Records for the exercise ::
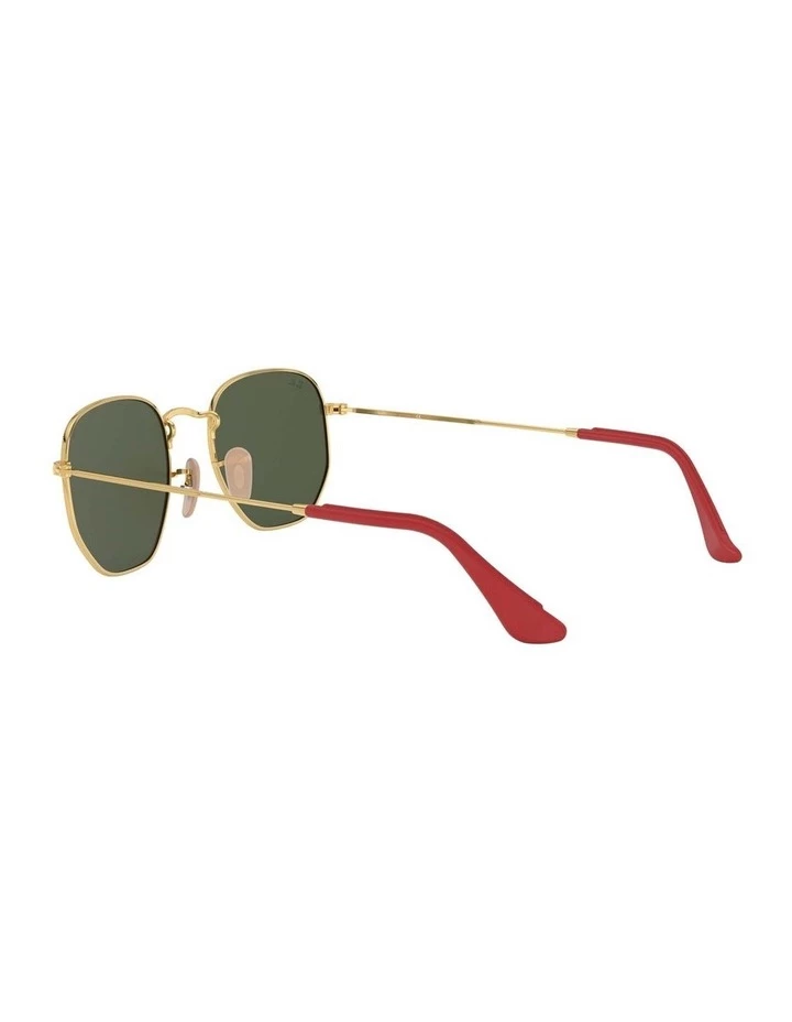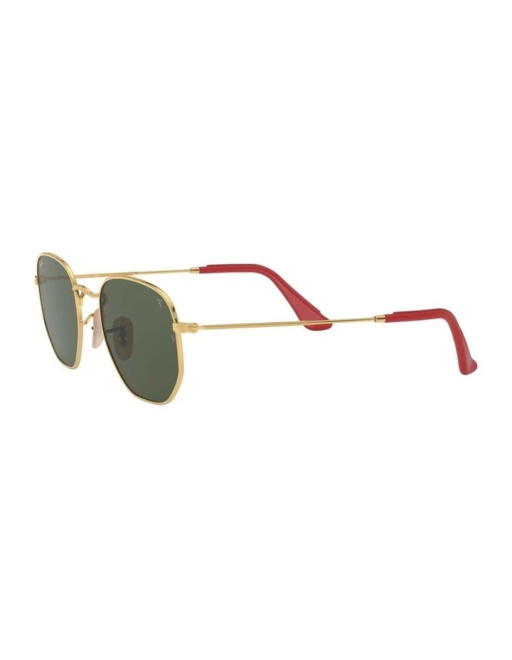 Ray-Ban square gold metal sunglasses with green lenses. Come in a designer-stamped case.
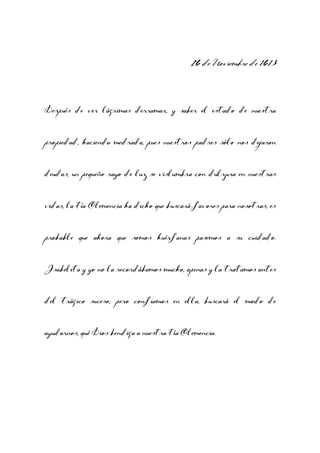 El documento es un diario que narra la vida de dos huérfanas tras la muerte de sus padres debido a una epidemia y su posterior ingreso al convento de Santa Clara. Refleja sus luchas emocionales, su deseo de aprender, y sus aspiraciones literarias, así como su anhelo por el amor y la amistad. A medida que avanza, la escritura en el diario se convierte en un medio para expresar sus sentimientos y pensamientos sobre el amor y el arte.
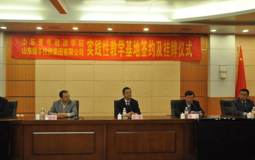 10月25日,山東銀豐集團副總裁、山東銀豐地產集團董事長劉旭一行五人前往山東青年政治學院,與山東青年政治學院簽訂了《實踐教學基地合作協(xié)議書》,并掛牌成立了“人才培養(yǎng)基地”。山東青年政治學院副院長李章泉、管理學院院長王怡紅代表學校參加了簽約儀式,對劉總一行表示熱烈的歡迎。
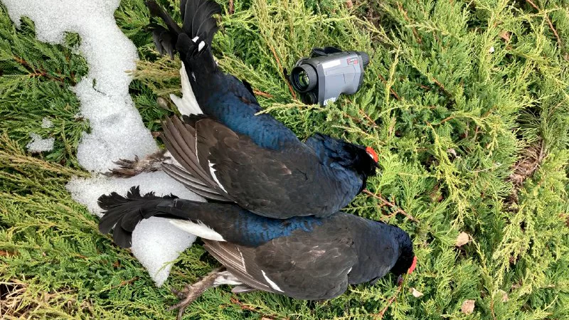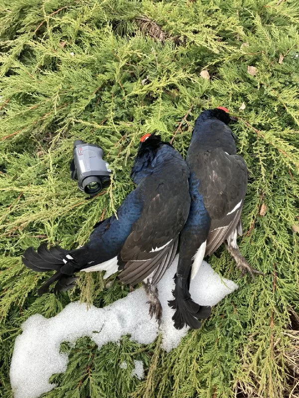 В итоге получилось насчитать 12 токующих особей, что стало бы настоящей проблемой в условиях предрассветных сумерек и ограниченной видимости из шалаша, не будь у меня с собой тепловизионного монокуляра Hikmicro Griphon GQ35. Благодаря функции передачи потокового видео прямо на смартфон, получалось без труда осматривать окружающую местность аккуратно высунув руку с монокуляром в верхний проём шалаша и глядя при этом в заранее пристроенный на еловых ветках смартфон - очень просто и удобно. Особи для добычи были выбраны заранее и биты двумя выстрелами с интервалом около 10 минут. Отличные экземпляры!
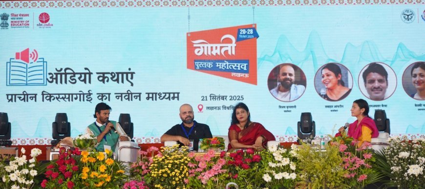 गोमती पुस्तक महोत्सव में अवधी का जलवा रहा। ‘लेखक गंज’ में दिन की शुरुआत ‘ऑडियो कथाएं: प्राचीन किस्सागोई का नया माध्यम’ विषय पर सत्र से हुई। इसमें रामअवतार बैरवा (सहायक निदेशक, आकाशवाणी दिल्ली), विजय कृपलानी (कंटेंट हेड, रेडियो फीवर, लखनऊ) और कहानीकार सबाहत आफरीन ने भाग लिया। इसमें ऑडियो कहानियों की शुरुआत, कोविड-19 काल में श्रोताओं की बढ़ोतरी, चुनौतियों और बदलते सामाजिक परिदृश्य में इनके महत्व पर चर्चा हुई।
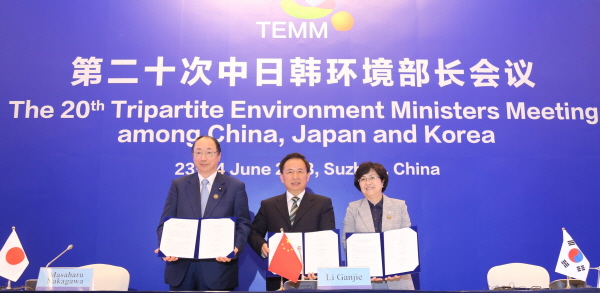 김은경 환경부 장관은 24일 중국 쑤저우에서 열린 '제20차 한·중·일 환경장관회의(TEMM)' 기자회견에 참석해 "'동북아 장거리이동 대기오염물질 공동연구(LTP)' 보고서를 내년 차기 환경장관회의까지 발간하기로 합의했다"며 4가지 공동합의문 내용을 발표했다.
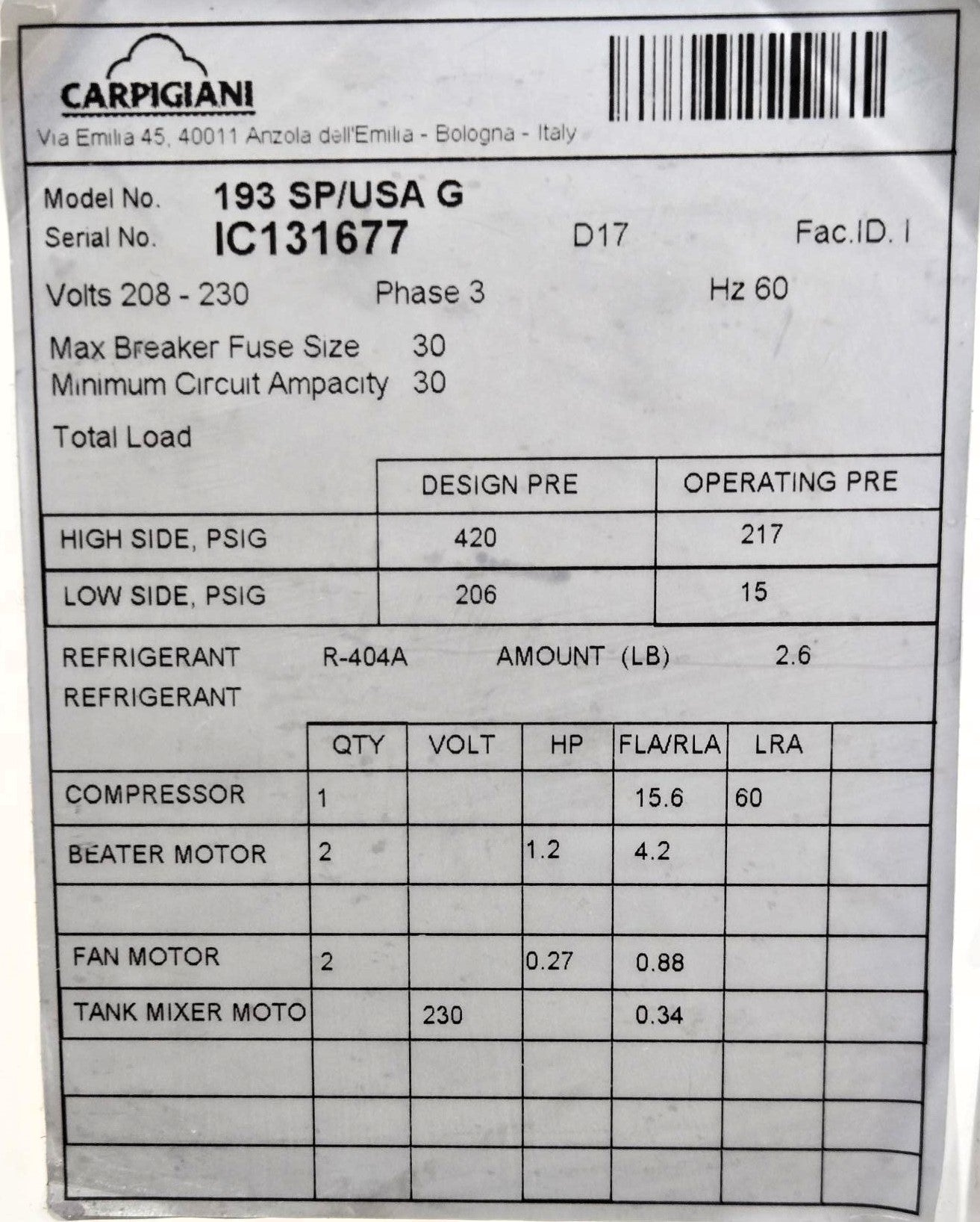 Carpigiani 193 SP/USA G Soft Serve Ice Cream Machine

...

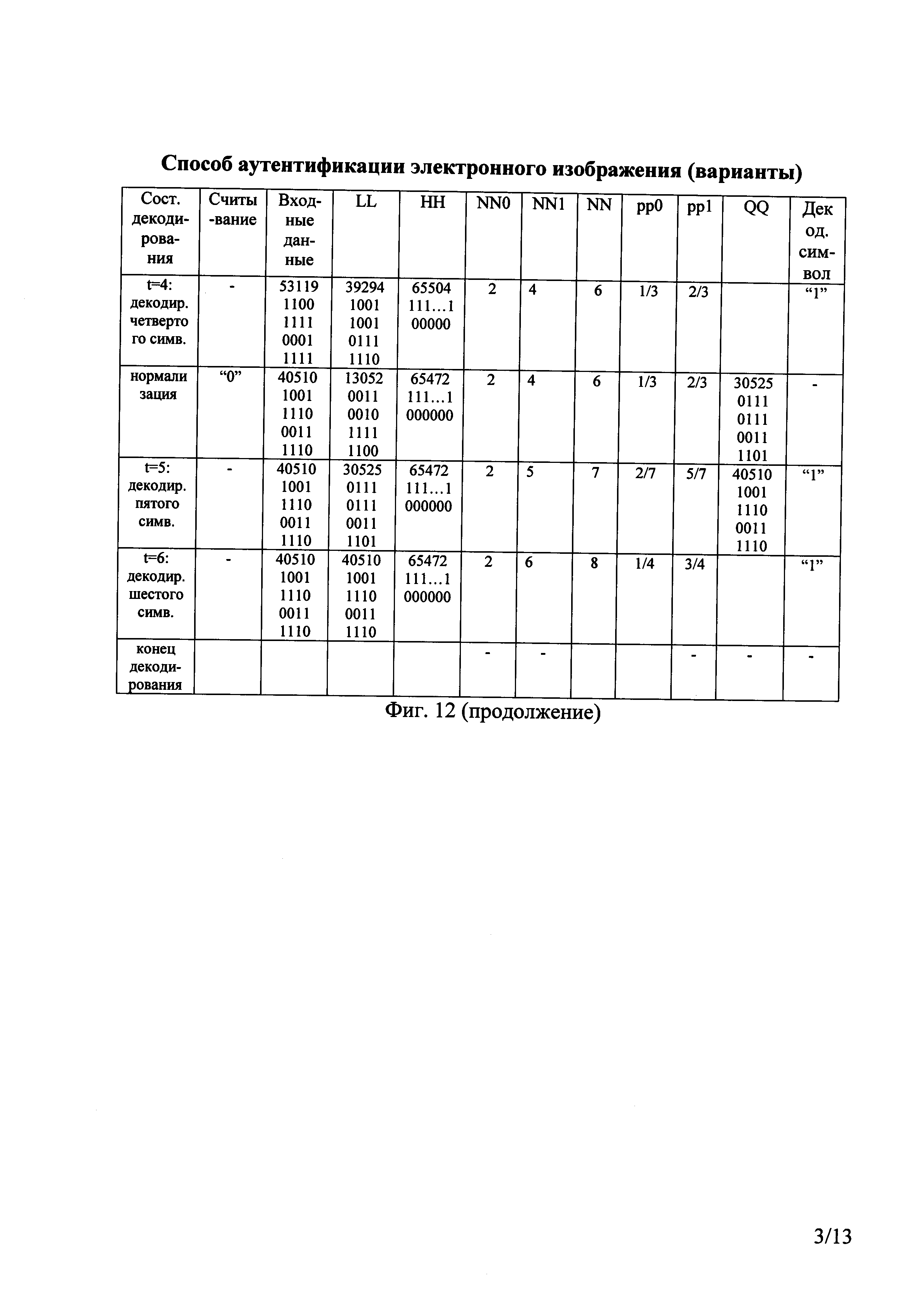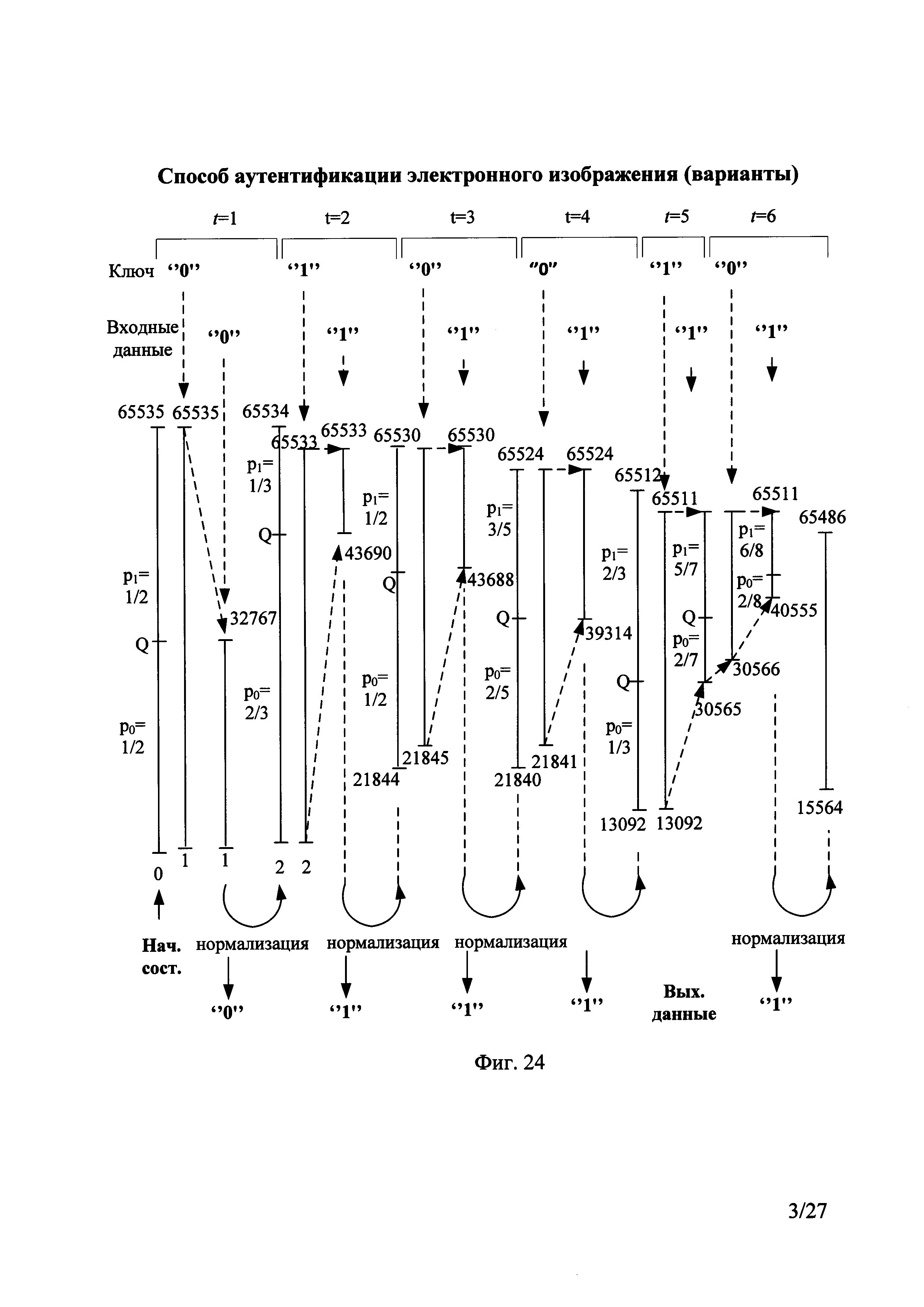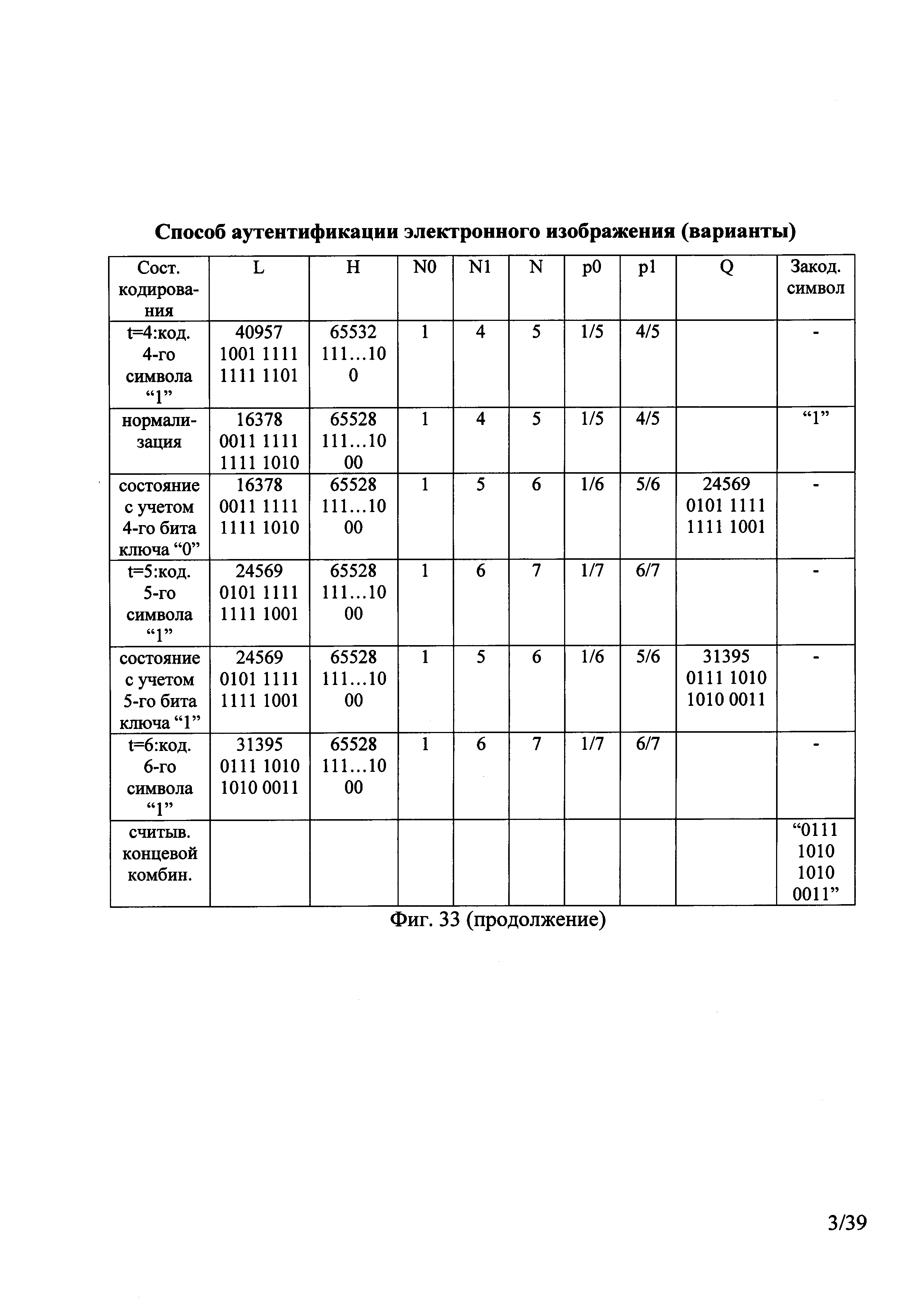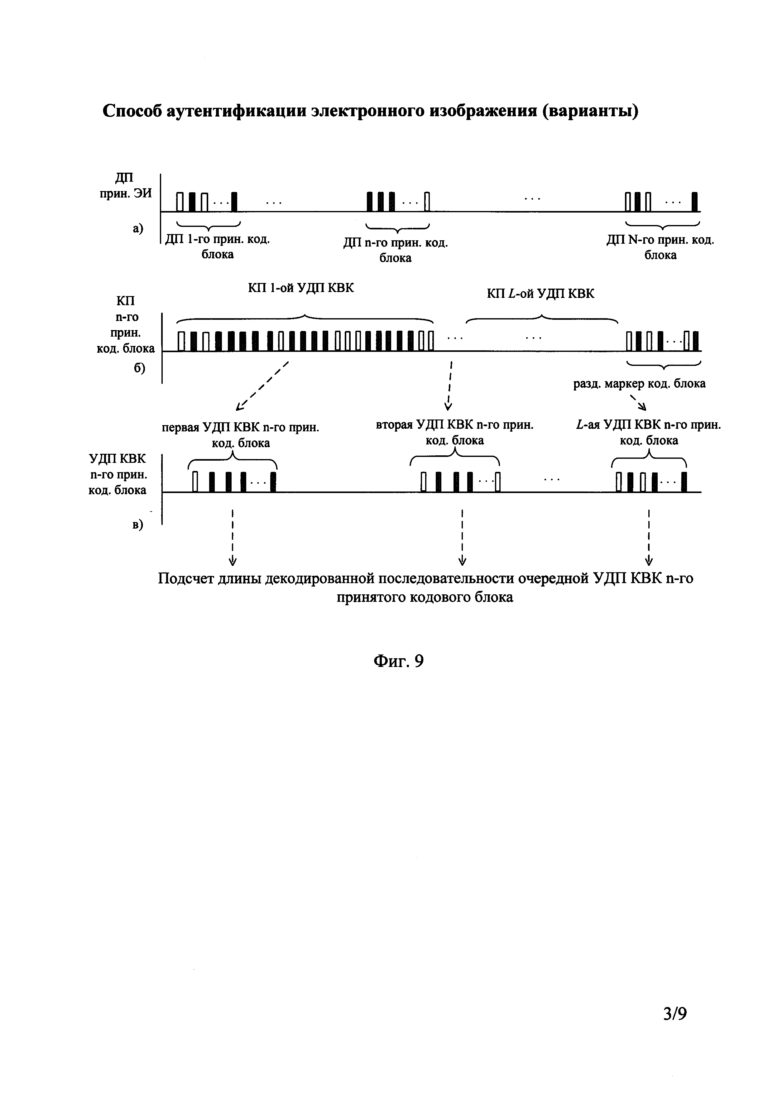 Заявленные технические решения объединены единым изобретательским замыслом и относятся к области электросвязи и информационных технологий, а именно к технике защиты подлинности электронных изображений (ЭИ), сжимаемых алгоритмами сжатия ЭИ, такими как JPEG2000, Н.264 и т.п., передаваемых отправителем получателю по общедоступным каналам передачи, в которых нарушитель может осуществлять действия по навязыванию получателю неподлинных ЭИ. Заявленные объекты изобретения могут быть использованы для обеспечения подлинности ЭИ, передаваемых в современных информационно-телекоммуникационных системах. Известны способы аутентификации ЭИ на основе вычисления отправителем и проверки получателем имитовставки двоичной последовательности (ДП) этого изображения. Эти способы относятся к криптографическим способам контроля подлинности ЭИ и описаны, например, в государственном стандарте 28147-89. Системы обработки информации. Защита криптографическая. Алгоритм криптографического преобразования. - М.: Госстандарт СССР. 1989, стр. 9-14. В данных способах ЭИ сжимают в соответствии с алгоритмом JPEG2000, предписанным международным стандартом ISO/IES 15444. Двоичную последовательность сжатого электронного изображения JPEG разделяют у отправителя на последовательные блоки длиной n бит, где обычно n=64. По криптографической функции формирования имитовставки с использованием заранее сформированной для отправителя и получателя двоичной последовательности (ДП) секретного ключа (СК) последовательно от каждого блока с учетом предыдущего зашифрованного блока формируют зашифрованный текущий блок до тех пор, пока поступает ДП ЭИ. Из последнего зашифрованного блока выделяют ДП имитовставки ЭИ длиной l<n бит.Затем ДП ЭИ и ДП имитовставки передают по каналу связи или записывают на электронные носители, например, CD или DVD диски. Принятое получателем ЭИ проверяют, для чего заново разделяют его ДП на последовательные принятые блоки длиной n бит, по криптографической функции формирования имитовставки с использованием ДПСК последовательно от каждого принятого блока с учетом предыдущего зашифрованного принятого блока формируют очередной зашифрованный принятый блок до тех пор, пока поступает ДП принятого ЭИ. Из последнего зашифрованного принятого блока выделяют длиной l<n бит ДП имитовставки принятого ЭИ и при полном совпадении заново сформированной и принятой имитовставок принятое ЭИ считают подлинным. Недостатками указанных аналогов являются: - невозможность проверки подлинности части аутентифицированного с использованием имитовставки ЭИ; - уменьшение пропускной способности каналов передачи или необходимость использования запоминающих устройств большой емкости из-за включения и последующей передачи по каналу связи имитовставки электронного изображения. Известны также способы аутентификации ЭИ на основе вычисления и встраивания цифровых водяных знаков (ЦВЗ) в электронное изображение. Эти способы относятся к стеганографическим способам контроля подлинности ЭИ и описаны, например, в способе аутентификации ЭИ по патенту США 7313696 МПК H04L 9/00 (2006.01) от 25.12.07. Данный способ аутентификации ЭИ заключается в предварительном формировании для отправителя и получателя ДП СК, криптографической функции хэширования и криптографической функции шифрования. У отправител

What you are asked to do ::
Reproduce the lines above starting at the one with "Ray-Ban square gold" and ending at the one with "В итоге получилось", both included, exactly and with no pictures.

Answer to this problem ::
 Ray-Ban square gold metal sunglasses with green lenses. Come in a designer-stamped case.
 El documento es un diario que narra la vida de dos huérfanas tras la muerte de sus padres debido a una epidemia y su posterior ingreso al convento de Santa Clara. Refleja sus luchas emocionales, su deseo de aprender, y sus aspiraciones literarias, así como su anhelo por el amor y la amistad. A medida que avanza, la escritura en el diario se convierte en un medio para expresar sus sentimientos y pensamientos sobre el amor y el arte.
 10月25日,山東銀豐集團副總裁、山東銀豐地產集團董事長劉旭一行五人前往山東青年政治學院,與山東青年政治學院簽訂了《實踐教學基地合作協(xié)議書》,并掛牌成立了“人才培養(yǎng)基地”。山東青年政治學院副院長李章泉、管理學院院長王怡紅代表學校參加了簽約儀式,對劉總一行表示熱烈的歡迎。
 В итоге получилось насчитать 12 токующих особей, что стало бы настоящей проблемой в условиях предрассветных сумерек и ограниченной видимости из шалаша, не будь у меня с собой тепловизионного монокуляра Hikmicro Griphon GQ35. Благодаря функции передачи потокового видео прямо на смартфон, получалось без труда осматривать окружающую местность аккуратно высунув руку с монокуляром в верхний проём шалаша и глядя при этом в заранее пристроенный на еловых ветках смартфон - очень просто и удобно. Особи для добычи были выбраны заранее и биты двумя выстрелами с интервалом около 10 минут. Отличные экземпляры!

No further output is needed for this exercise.